Wednesday, February 29, 2012

Pulitzer Prize-winning photographer to share his battle with lymphoma March 15

John Kaplan documented his journey with cancer through visual journal

One in three Americans gets cancer during their lifetimes, which means that nearly every family in the country is affected by it. Pulitzer Prize-winning photographer John Kaplan, diagnosed at age 48 with a potentially deadly form of lymphoma, turned the lens on himself and chronicled his experience during treatment through photos and video. Eventually, he used the material to direct an inspiring and upbeat film to help fellow cancer patients, caregivers and survivors. Kaplan will present his documentary, "Not as I Pictured: A Pulitzer Prize-Winning Photographer's Journey through Lymphoma," on Thursday, March 15 at 7 p.m. in the Robinson Teaching Theatre in Weyerhaeuser Hall at Whitworth. Admission is free. For more information, please call (509) 777-4739.

Kaplan, who worked at The Spokesman-Review in the early 1980s, is one of America's most accomplished narrative photographers. He earned the Pulitzer Prize for Feature Photography, the POY National Newspaper Photographer of the Year Award, the Overseas Press Club Award, two Robert F. Kennedy awards, and the Nikon Documentary Sabbatical Grant.

"In journalism, cancer stories are considered the biggest cliché," Kaplan says. "But, when you get cancer, you don't feel like a cliché, you just pray you can beat it."

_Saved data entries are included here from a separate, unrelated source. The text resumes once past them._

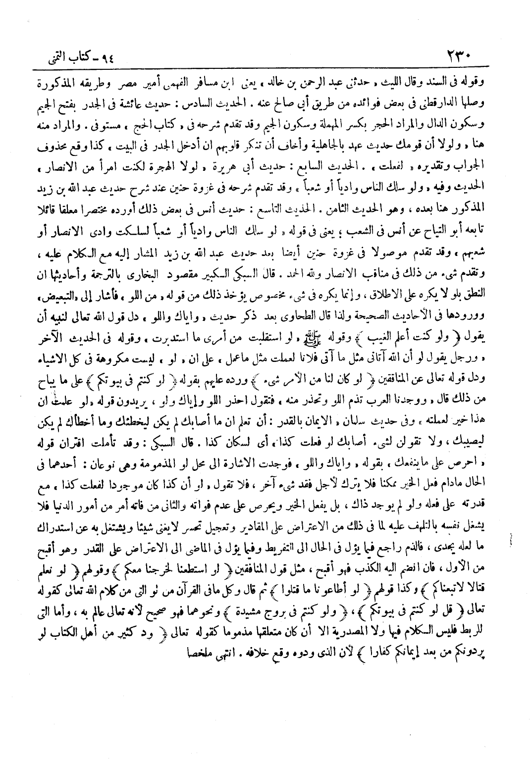 [7244] قَوْلِهِ لَوْ سَلَكَ النَّاسُ وَادِيًا أَوْ شِعْبًا لَسَلَكْتُ وَادِيَ الْأَنْصَارِ أَوْ شِعْبَهُمْ وَقَدْ تَقَدَّمَ مَوْصُولًا فِي غَزْوَةِ حُنَيْنٍ أَيْضًا بَعْدَ حَدِيثِ عَبْدِ اللَّهِ بْنِ زَيْدٍ الْمُشَارِ إِلَيْهِ مَعَ الْكَلَامِ عَلَيْهِ وَتَقَدَّمَ شَيْءٌ مِنْ ذَلِكَ فِي مَنَاقِبِ الْأَنْصَارِ وَلِلَّهِ الْحَمْدُ قَالَ السُّبْكِيُّ الْكَبِيرُ مَقْصُودُ الْبُخَارِيِّ بِالتَّرْجَمَةِ وَأَحَادِيثِهَا أَنَّ النُّطْقَ بِلَوْ لَا يُكْرَهُ عَلَى الْإِطْلَاقِ وَإِنَّمَا يُكْرَهُ فِي شَيْءٍ مَخْصُوصٍ يُؤْخَذُ ذَلِكَ مِنْ قَوْلِهِ مِنَ اللَّوْ فَأَشَارَ إِلَى التَّبْعِيضِ وَوُرُودُهَا فِي الْأَحَادِيثِ الصَّحِيحَةِ وَلِذَا قَالَ الطَّحَاوِيُّ بَعْدَ ذِكْرِ حَدِيثِ وَإِيَّاكَ وَاللَّوْ دَلَّ قَوْلُ اللَّهِ تَعَالَى لِنَبِيِّهِ أَنْ يَقُولَ وَلَوْ كُنْتُ أَعْلَمُ الْغَيْب وَقَوْلُهُ صَلَّى اللَّهُ عَلَيْهِ وَسَلَّمَ لَوِ اسْتَقْبَلْتُ مِنْ أَمْرِي مَا اسْتَدْبَرْتُ وَقَوْلُهُ فِي الْحَدِيثِ الْآخَرِ وَرَجُلٌ يَقُولُ لَوْ أَنَّ اللَّهَ آتَانِي مِثْلَ مَا آتَى فُلَانًا لَعَمِلْتُ مِثْلَ مَا عَمِلَ عَلَى أَنَّ لَوْ لَيْسَتْ مَكْرُوهَةً فِي كُلِّ الْأَشْيَاءِ وَدَلَّ قَوْلُهُ تَعَالَى عَنِ الْمُنَافِقِينَ لَو كَانَ لنا من الْأَمر شَيْء وَرَدَّهُ عَلَيْهِمْ بِقَوْلِهِ لَوْ كُنْتُمْ فِي بُيُوتِكُمْ عَلَى مَا يُبَاحُ مِنْ ذَلِكَ قَالَ وَوَجَدْنَا الْعَرَبَ تَذُمُّ اللَّوْ وَتُحَذِّرُ مِنْهُ فَتَقُولُ احْذَرِ اللَّوْ وَإِيَّاكَ وَلَوْ يُرِيدُونَ قَوْلَهُ لَوْ عَلِمْتُ أَنَّ هَذَا خَيْرٌ لَعَمِلْتُهُ وَفِي حَدِيثِ سَلْمَانَ الْإِيمَانُ بِالْقَدَرِ أَنْ تَعْلَمَ أَنَّ مَا أَصَابَكَ لَمْ يَكُنْ لِيُخْطِئَكَ وَمَا أَخْطَأَكَ لَمْ يَكُنْ لِيُصِيبَكَ وَلَا تَقُولَنَّ لِشَيْءٍ أَصَابَكَ لَوْ فَعَلْتُ كَذَا أَيْ لَكَانَ كَذَا قَالَ السُّبْكِيُّ وَقَدْ تَأَمَّلْتُ اقْتِرَانَ قَوْلِهِ احْرِصْ عَلَى مَا يَنْفَعُكَ بِقَوْلِهِ وَإِيَّاكَ وَاللَّوْ فَوَجَدْتُ الْإِشَارَةَ إِلَى مَحَلِّ لَوِ الْمَذْمُومَةِ وَهِيَ نَوْعَانِ أَحَدُهُمَا فِي الْحَالِ مَا دَامَ فِعْلُ الْخَيْرِ مُمْكِنًا فَلَا يُتْرَكُ لِأَجْلِ فَقْدِ شَيْءٍ آخَرَ فَلَا تَقُولُ لَوْ أَنَّ كَذَا كَانَ مَوْجُودًا لَفَعَلْتُ كَذَا مَعَ قُدْرَتِهِ عَلَى فِعْلِهِ وَلَوْ لَمْ يُوجَدْ ذَاكَ بَلْ يَفْعَلُ الْخَيْرَ وَيَحْرِصُ عَلَى عَدَمِ فَوَاتِهِ وَالثَّانِي مَنْ فَاتَهُ أَمْرٌ مِنْ أُمُورِ الدُّنْيَا فَلَا يَشْغَلْ نَفْسَهُ بِالتَّلَهُّفِ عَلَيْهِ لِمَا فِي ذَلِكَ مِنَ الِاعْتِرَاضِ عَلَى الْمَقَادِيرِ وَتَعْجِيلِ تَحَسُّرٍ لَا يُغْنِي شَيْئًا وَيَشْتَغِلُ بِهِ عَنِ اسْتِدْرَاكِ مَا لَعَلَّه يجدي فالذم رَاجع فِيمَا يؤل فِي الْحَال إِلَى التَّفْرِيط وَفِيمَا يؤل فِي الْمَاضِي إِلَى الِاعْتِرَاضِ عَلَى الْقَدْرِ وَهُوَ أَقْبَحُ مِنَ الْأَوَّلِ فَإِنِ انْضَمَّ إِلَيْهِ الْكَذِبُ فَهُوَ أَقْبَحُ مِثْلَ قَوْلِ الْمُنَافِقِينَ لَوِ اسْتَطَعْنَا لخرجنا مَعكُمْ وَقَوْلهمْ لَو نعلم قتالا لَا تبعناكم وَكَذَا قَوْلهم لَو أطاعونا مَا قتلوا ثُمَّ قَالَ وَكُلُّ مَا فِي الْقُرْآنِ مِنْ لَوِ الَّتِي مِنْ كَلَامِ اللَّهِ تَعَالَى كَقَوْلِهِ تَعَالَى قل لَو كُنْتُم فِي بُيُوتكُمْ وَلَو كُنْتُم فِي بروج مشيدة وَنَحْوِهِمَا فَهُوَ صَحِيحٌ لِأَنَّهُ تَعَالَى عَالِمٌ بِهِ وَأَمَّا الَّتِي لِلرَّبْطِ فَلَيْسَ الْكَلَامُ فِيهَا وَلَا الْمَصْدَرِيَّةُ إِلَّا إِنْ كَانَ مُتَعَلَّقُهَا مَذْمُومًا كَقَوْلِهِ تَعَالَى وَدَّ كَثِيرٌ مِنْ أَهْلِ الْكِتَابِ لَوْ يَرُدُّونَكُمْ من بعد ايمانكم كفَّارًا لِأَنَّ الَّذِي وَدُّوهُ وَقَعَ خِلَ
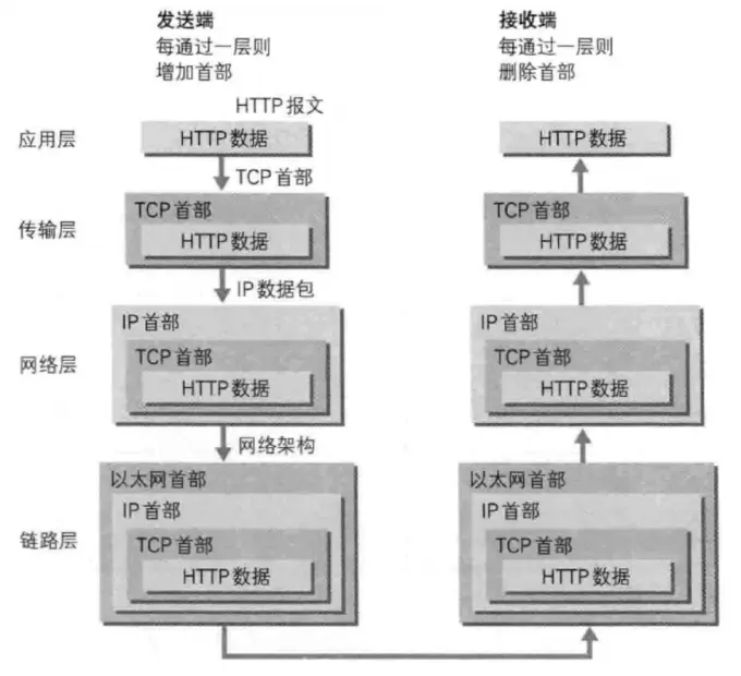 利用TCP/IP协议族进行网络通信时,会通过分层顺序与对方进行通信。发送端从应用层往下走,接收端则往应用层往上走。
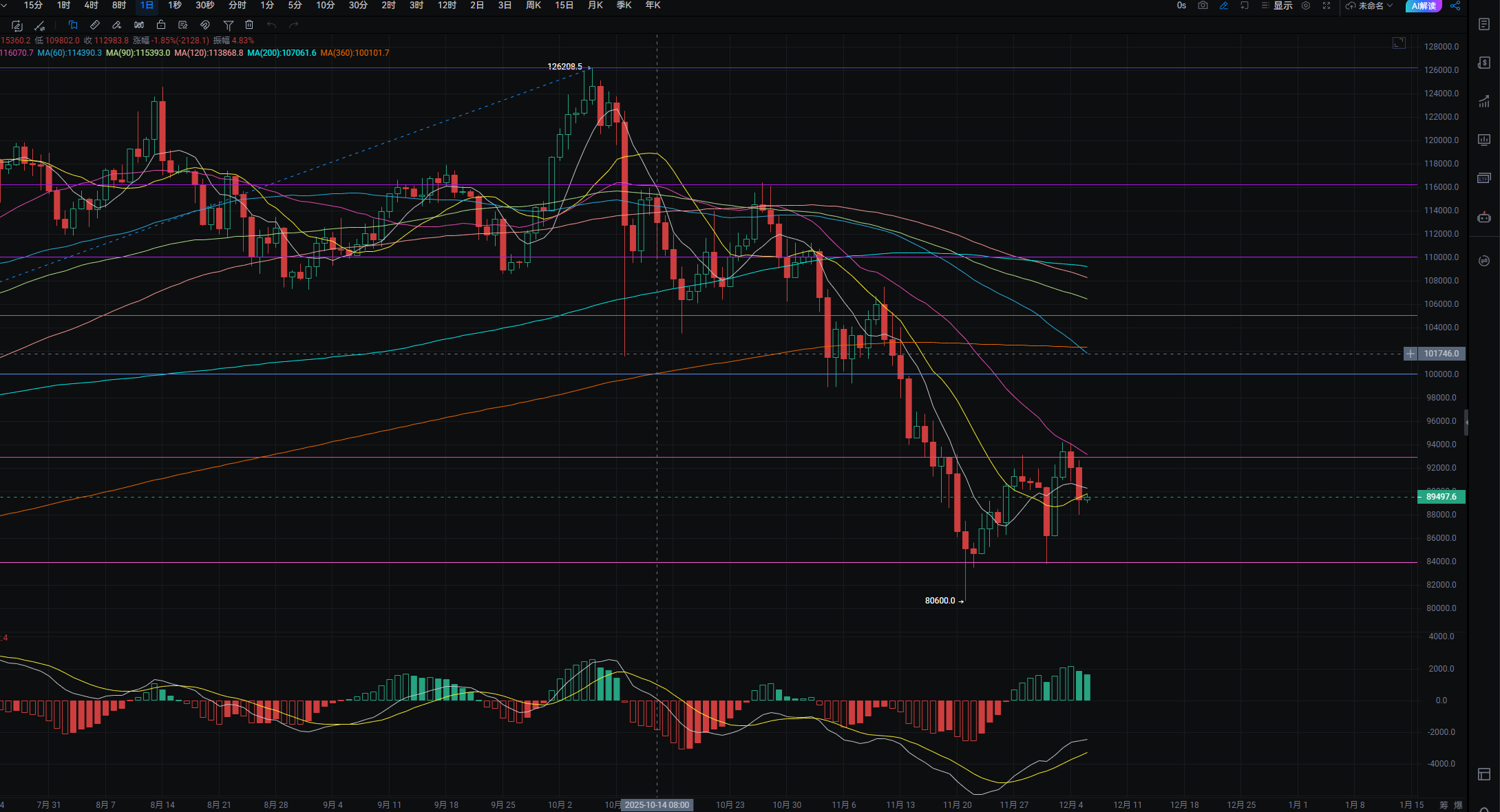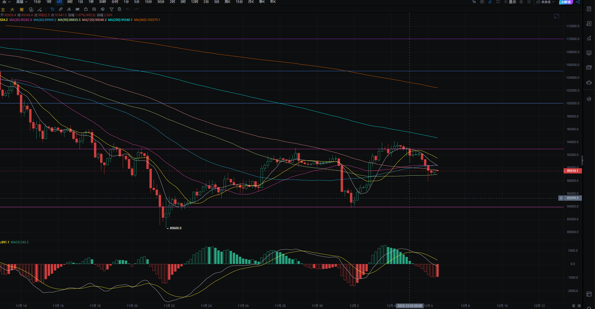 今天下跌的原因,大概看了一下,没有明显利空的信息,而且美股的走势也还算过的去,应该就是情绪的调整,确实明天是周末如果今天情绪不好,周未两天低流量会受罪了,不过下周就是议息会议了,而且12月降息的概率已经很高了,现在市场都开始押注1月会不会降息了,个人估计,最近这段时间应该不会太差,真要闹妖也应该是议息会议以后的事情了。目前已经再次跌破90000点关口,最低插针至88000点附近,现处在89500附近震荡,依旧以高空为主,可在反弹至91000附近进行接空

With help from his family, doctors, and even Mother Teresa and a rock star, Kaplan shares through his film the same determination and powerful storytelling ability that helped him become a successful photojournalist. Although the topic is serious, the film is positive in tone and ends with the news of Kaplan's complete remission. It began airing nationwide on PBS stations in September, and has won national acclaim and more than 20 film honors, including two prestigious CINE Golden Eagle Awards and several film festival honors for best documentary.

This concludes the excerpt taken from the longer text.